Krinkle triaged this task as Medium priority.Jul 9 2019, 8:15 PM
Tgr subscribed.Oct 6 2023, 11:12 PM

Why did we show those icons (presumably they point to Special:CentralAutoLogin/deleteCookies) in the first place? Logout happens by invalidating the central session. Was it for some weird edge case (like a CentralAuth installation with edge login but no central login wiki), or just to clean up the cookies?

Krinkle added a comment.Oct 6 2023, 11:33 PM

@Tgr I believe the reason is to clear cookies indeed. That way a shared computer won't leave your identity in the cookiebin, given we store usernames in the cookie in plain text.

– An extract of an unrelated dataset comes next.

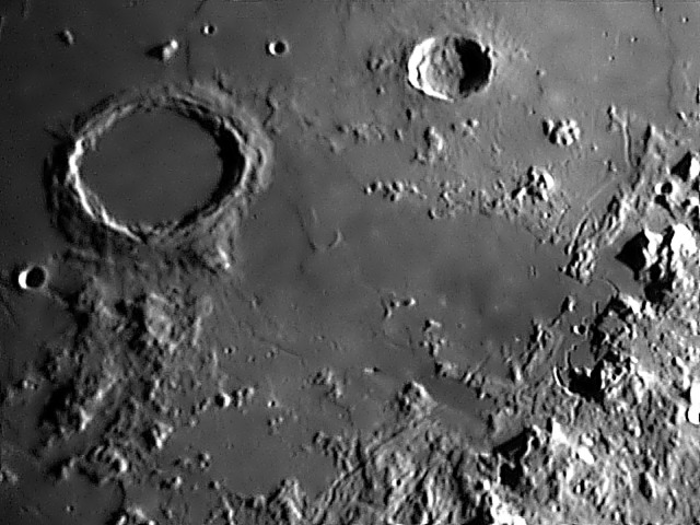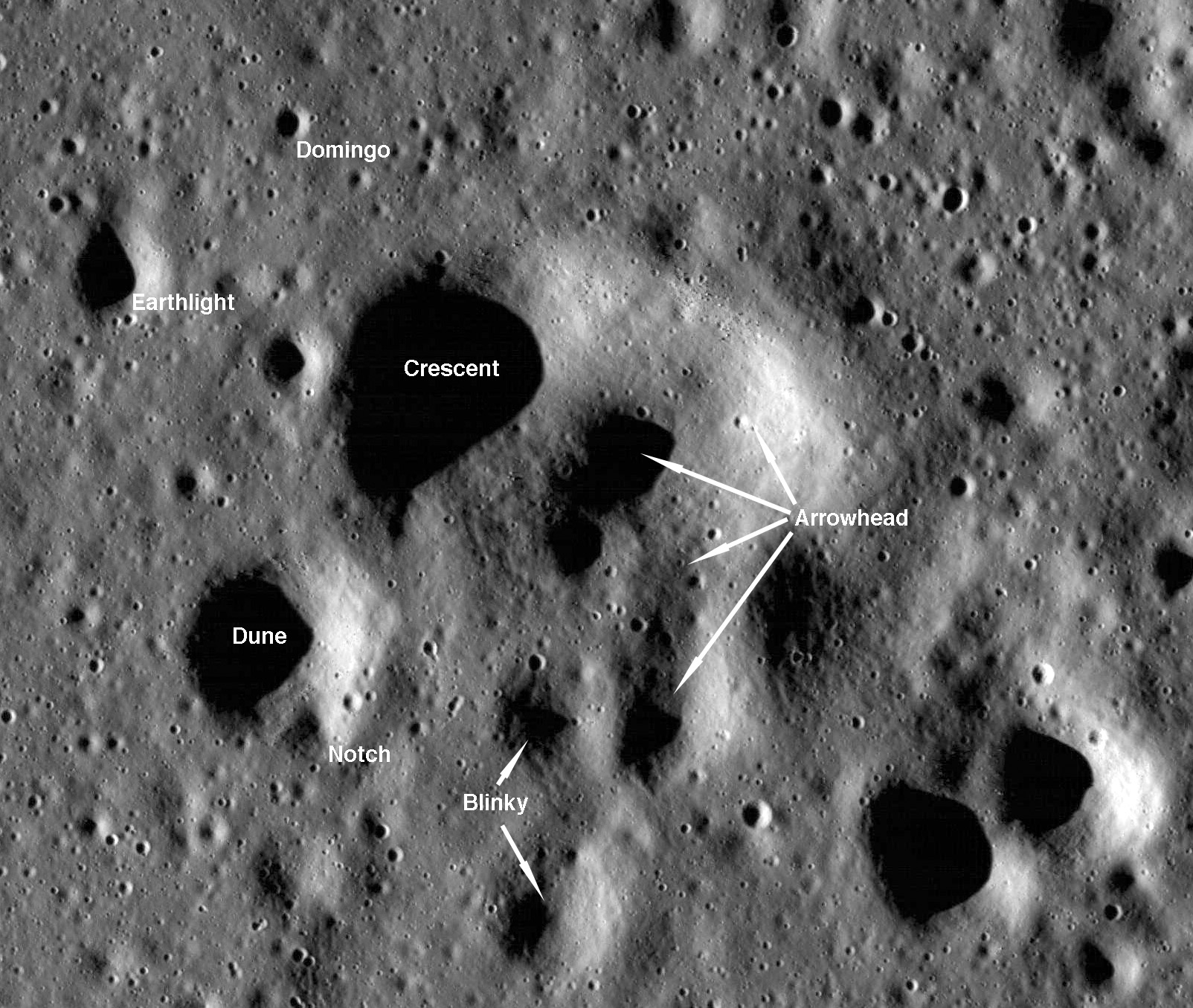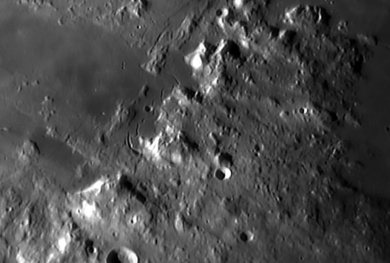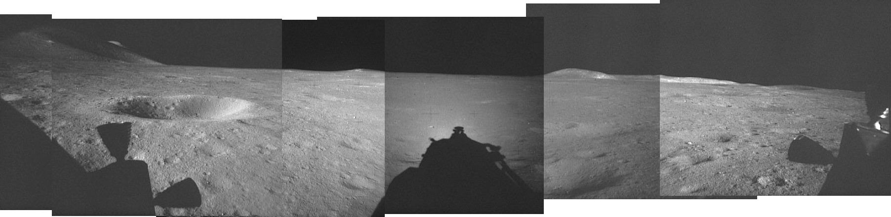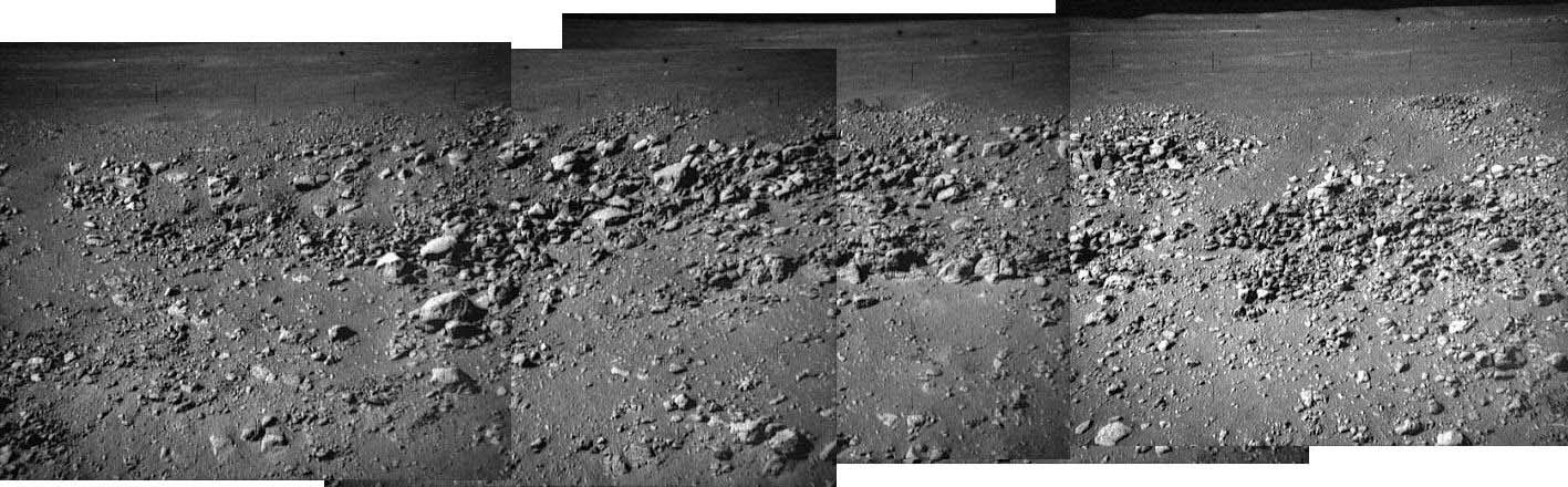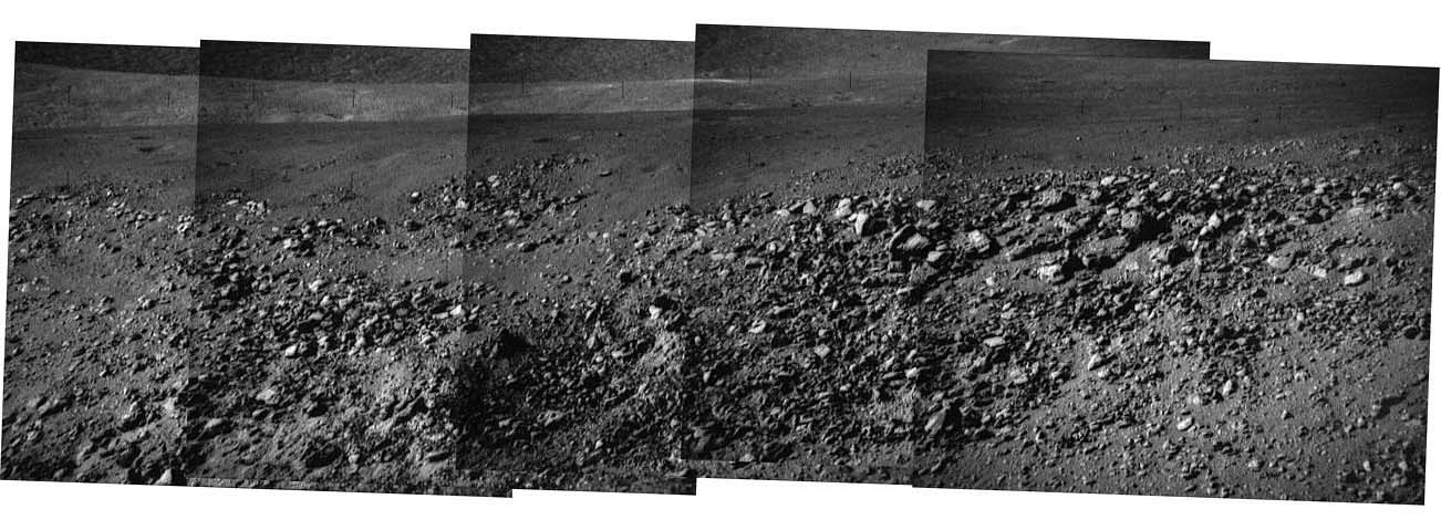 , Taken one orbit (2 hours) later than the previous image. The version linked here is a place holder, made from screen grabs at about one-third full resolution.18 May 2013 October 2009 12:37:02 UTC; image M1123519889LCandRC( combined); Solar El/Az 13.0/96.8; Full-image center Lat/Long 26.07/3.68; sub-LRO Lat/Long 26.12/4.73; LRO altitude 130 km, resolution 4.16/1/4 m/pixel ( 36 Mb )

Perhaps the Clear-Site-Data header can be used for that instead. That would not be subject to third-party cookie and cross-origin restrictions, and has the benefit of also clearing HTTP caches which would also still contain many references to their login session (at the very least, user names on every page).

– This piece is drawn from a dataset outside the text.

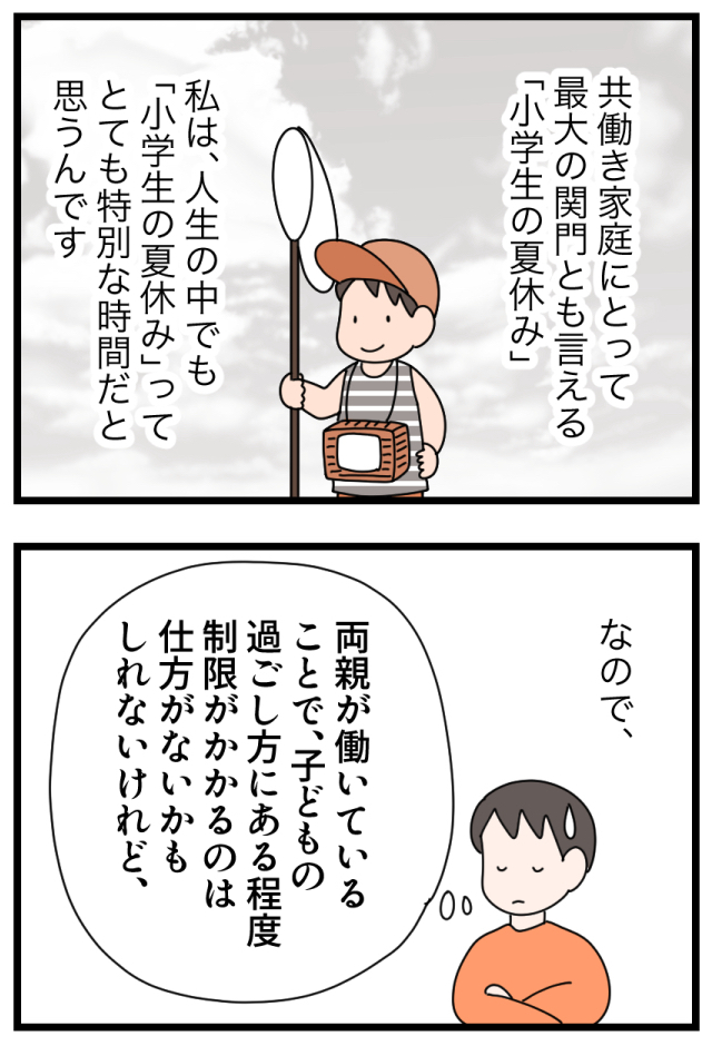 小学生の夏休みは共働き最大の壁?親が忙しくても、子が充実した夏休みを過ごせる8つのアイデア 2023.05.31 with記事 広告 ↓続きはこちらから https://withonline.jp/with-class/education/emi_ikinuku/tBUsF 0 コメントはこちら 同じカテゴリの記事 親世代と違う「中学生の壁」がある!?小6のうちにあえて英語を先取りさせている理由とは 母が働くと子どもがかわいそう?フルタイムワーママが実践する、子との良好な関係の築き方 令和の小学生は夏休みの宿題が少なすぎ?任意の課題にも取り組ませた理由とは 小学生の友達付合い。スマホは与える?遊びのお金は?子の成長に繋がる選択とは 子育て中だからって諦めない!忙しくても最短で資格を取得する勉強法とは 子のお小遣いをドル払いにしたら、世界がもっと身近になった! 音読の宿題は、子が「要約力」を身につけ「自分の意見を持つ」機会 子が「気が利く人」になるには、この一言から もう無駄に悩まない!子育ての悩みを解決する鍵は「18歳の子の姿」にあった 「ある言葉」を伝えるだけで、子が自分で朝起きられるように。そのキーワードとは 送迎は無理。でも子の可能性を伸ばしたい!「オンライン習い事」をやってみた結果… 読書習慣は一生モノ!毎日、本を読む5歳児に親がした関わりとは 「あること」をするだけで、子の就寝時間が1時間も早まった!早寝の秘訣とは? 小学校入学前に「これだけはやっていてよかった」たった1つの習慣とは 学童のやめ時はいつ?子だけで留守番する時のルールは?我が家の場合… これぞマネー教育の成果!?お年玉で大金を手にした小学生が取った驚きの行動とは 学びと生活を結びつけて、子の好奇心を刺激する!家庭でできる簡単な工夫とは 子にかかるお金、どうしてる?何を節約して何にお金をかけるのか。我が家の場合… お年玉はお金の教育のチャンス!3年投資を続けた小5娘のお金の使い方とは 3人の子が、それぞれ充実した休日を過ごせる! 我が家の簡単ルールとは? 宿題を学校でやるのはOK?それともダメ?教育現場に見えた課題とは 子がダラダラ漫画を読むのをやめ、+αで頑張るようになった経緯とは 子の自立に必須なのが家事スキル!小学生がそれを身につけた方法とは 夫婦のすれ違いの原因は「言葉の解釈の違い」にあり!?相手を理解するのに必要なこととは 地頭が鍛えられる!幼児におすすめのボードゲーム3選 4歳児がお金を稼いで買い物に!?子の「あれ買って」はお金の教育を始めるチャンス 子供達だけで電車に乗せたら乗り換えに失敗!そのとき子供がとった行動は 無人島から帰ってきた子ども達に衝撃の変化が!夏休みの「挑戦」で得られた子の成長 子にマナーもビジネス感覚も教えるチャンス!外食の最大活用法とは 子の進路どうする?大学受験せずに進学できる方が幸せ?我が家の考えは 図鑑って必要?家に図鑑を置いたら子の能力が最大限引き出された話 子が充実した夏休みを送れるかのカギは「挑戦」と「成長」にあり 賢い子に育てたいなら「家族でボードゲーム」がおすすめの理由 子が小学校入学後スムーズに自立するか否かは、年長までの親の関わりで決まる! 最近、小学校が激変している! 一方で昔のやり方を謎に残す部分も…。令和の小学校の驚きの実態とは 子がゲームやYouTubeとほどよい距離感で付き合えるようになる3つのポイント 子が10歳までに身につけておいて本当によかった習慣ベスト5 「ちゃんと夫婦で話したいのに…」という時に効果あり!男性と会話する際の3つのポイントとは 夫に話しかけてもまともに会話にならない。その原因は、太古の「焚き火」にあった!? 家のことに無関心で協力しない夫。その意識を変える秘策とは 「俺は家族のために頑張ってる」「あなたは何もしてくれない」このすれ違いを生む男女の違いとは 家事も子育てもしない夫。実は男女の結婚観の違いに原因があった!? 子が自分の考えをうまく伝える力をつけるため、我が家が取り組んでいること 育休復帰後「時短勤務は中途半端だ」と悩んでいた時に救われた言葉とは 「授業がつまらない」を「勉強がつまらない」にしないために、家庭で取り組んだこととは ポテチ700円?水500円!?小学生の子供たちですら将来を考え直した、海外旅行での経験の衝撃度 親も子も、ついダラダラしがちな休日。休み明けに後悔しないための3つのルールとは 忙しいママの最強お役立ちアイテム!スマートスピーカーの子育て活用術とは 子どもが突然の発熱!?共働きで3児を育てる親が「まさか」に備えて実践している「3つの事前準備」 子供を保育園に預けて本当に大丈夫?保育園児の親が気をつけるべきたった一つのこと 初めての子供部屋。いいスタートのために親ができること 家の手伝いは工夫次第で「子どもの主体性を育む育児」になる! 最適なのは意外に難しい「食事の〇〇」 「親にやらされる」より「子が自分で目標を決める」方が圧倒的に頑張れる!結果が見える仕組みの作り方 しりとりに飽きたらこれ!子供も親も大爆笑の「新・言葉遊び」で遊びな

Tgr closed this task as Declined.Oct 7 2023, 2:42 AM

We don't clear the username cookie on logout, though (it's used to prefill the login form). And we don't set the LoggedOut cookie (sometimes used to bypass cache) in deleteCookies. So I think it is pretty pointless.

Arguably there isn't much point in keeping the username cookie these days, because browsers' password managers are doing a better job of guessing whether the field should be prefilled or not. But even then, clearing cookies is not very useful because we can only do it for the edge login wiki set, but the authn cookies will be present on each individual domain the user has visited. If we wanted to improve privacy, we should probably encrypt cookies somehow.

Maybe pre-AuthManager there was some value in not having parent-domain cookies linger around, I don't remember how that worked. But these days they get cleaned automatically when they are invalid, and we don't really have unattached users anyway. So I don't think it matters much whether we clear the cookies.

Clear-Site-Data does clear subdomains so that would be a meaningful privacy improvement, at the cost of maybe clearing cookies that shouldn't be cleared (logged-out preferences, unique device counters etc). Maybe worth a task of its own. I'll close this one though as I don't think we really care about whether the icons show or not.

Tgr added a comment.Oct 7 2023, 2:44 AM
In T226736#9232644, @Tgr wrote:

Clear-Site-Data ... Maybe worth a task of its own.

I see you already made one: T179752: Clear site data on MediaWiki log out

Krinkle mentioned this in T179752: Clear site data on MediaWiki log out.Oct 7 2023, 2:55 AM
Tgr reopened this task as Open.EditedOct 9 2023, 3:07 AM

On second thought, deleteCookies logs you out on other sites regardless of whether you are logged in with the same account, and that's actually useful in some fringe cases where you end up being logged into different accounts on different domains. IP masking mid-rollout might cause that since temp user central sessions will be valid on pilot wikis and invalid on non-pilot ones (which under ideal circumstances still should not cause a split-brain situation, but with some requests failing / some cookies blocked by browsers it seems hard to reliably avoid). So at least until IP masking is fully rolled out, we do care whether the logout icons work reliably.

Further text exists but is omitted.